# Ok but really... can winter be over now?



## NigerianDwarfOwner707 (May 17, 2018)

If there was ever a representation of "current mood," it is this photo. This quick snap of my Freddie perfectly illustrates how we feel about snow over here. He wants to come into the house, and I don't blame him! How are you all faring this winter?


----------



## Damfino (Dec 29, 2013)

I'm thrilled at the winter we're having. We had our first snow in early September. It quickly melted, but then a huge snowfall hit us the third week in October. We had a little more in November, and in December we hardly saw bare ground. We didn't have any more huge dumps like we did in October, but we've had quite a few smaller snowfalls that have kept the ground covered. We've had almost no wind this winter so the snow is melting into the ground and making grass grow everywhere! Every bare patch has green new grass starting in it! Our pastures were so sad and brown here last summer. It seems like we haven't had a decent winter here in a long, long time. I hope we keep getting snow through Jan/Feb. A couple of big dumpers in March/April wouldn't hurt either. I'm so sick of drought!


----------



## ksalvagno (Oct 6, 2009)

Snow isn't bad in central Ohio.


----------



## MadHouse (Oct 3, 2019)

Cute picture! :inlove:
For here snow is what we have for about 7 months of the year, so we better be ok with it. It comes in October and hangs around until April... The special thing was a bit of rain last month. It was dangerous for the goats to go out after that, because it froze on top of the snow and made a skating rink. I found some dirt and spread it around for grip.
What I like about Winter is, it gives us a little bit of rest. I also like snowshoeing through the bush and seeing tracks.


----------



## fivemoremiles (Jan 19, 2010)

Here we had a chinook today, it was windy 41 no snow and lots of mud


----------



## NigerianDwarfOwner707 (May 17, 2018)

MadHouse said:


> Cute picture! :inlove:
> For here snow is what we have for about 7 months of the year, so we better be ok with it. It comes in October and hangs around until April... The special thing was a bit of rain last month. It was dangerous for the goats to go out after that, because it froze on top of the snow and made a skating rink. I found some dirt and spread it around for grip.
> What I like about Winter is, it gives us a little bit of rest. I also like snowshoeing through the bush and seeing tracks.

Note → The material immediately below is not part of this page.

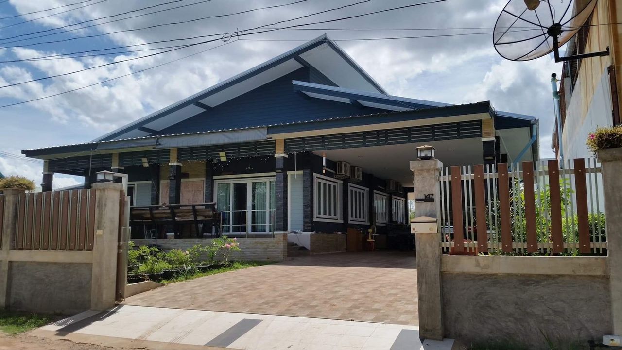 บ้านเดี่ยว 1 ชั้น สไตล์โมเดิร์น เงียบ สงบ ติดถนนหลัก ร้านขายของ ร้านอาหาร ตลาด ศูนย์อนามัย ปั๊มน้ำมัน เจ้าของบ้านสร้างอยู่เอง

I do appreciate the rest that winter provides.


----------



## MellonFriend (Aug 8, 2017)

MadHouse said:


> Cute picture! :inlove:
> For here snow is what we have for about 7 months of the year, so we better be ok with it. It comes in October and hangs around until April...


7 months!? Goodness gracious! I was tired of it after four days.:dazed:


----------



## MellonFriend (Aug 8, 2017)

I'm ready for winter to be over not for snow being gone, but so that GREEN things will grow again. My goats are eating hay like I've never seen them before.


----------



## MidnightRavenFarm (Jun 4, 2020)

We’re expecting another round of snow tonight. I’m ready to start planning this years garden and all the wonderful sounds you hear on spring nights. Snow isn’t typically bad in Tennessee but I live about 2200ft in elevation so we get a decent amount of snow. I hate it


----------



## toth boer goats (Jul 20, 2008)

Winter can be a pain but, we need the rain.


----------



## happybleats (Sep 12, 2010)

Texas winter depends on the hour!


----------



## happybleats (Sep 12, 2010)

We be like.. hurry ..go make a snowman. This was new years day..lasted all day lol


----------



## MadHouse (Oct 3, 2019)

MellonFriend said:


> 7 months!? Goodness gracious! I was tired of it after four days.:dazed:


October









April (the snow was mostly gone, just where the shade is)


----------



## JML Farms (Jan 1, 2021)

Central Texas weather today....Cool upper 30's this morning. Sunny and 75 outside at 2:30 this evening. The goats are all laying in the pasture enjoying the sun! I like snow, but only for a day once every couple of years.


----------



## MellonFriend (Aug 8, 2017)

@MadHouse, what are your average highs like in winter?


----------



## Goats Rock (Jun 20, 2011)

We are near Lake Erie, so we get "Lake Effect" snow and clouds. It is grey and gloomy most of Dec-Feb. We actually get more cloudy days than Seattle! Cleveland sucks. Sorry, I wish the old Moses Cleaveland had found a better place for a city. It had to be cloudy back then, too! (we live 50 miles East of Cleveland, but still get all their weather!) I prefer Summer over Winter, except, in winter, there are NO FLIES. So, Winter gets one point! 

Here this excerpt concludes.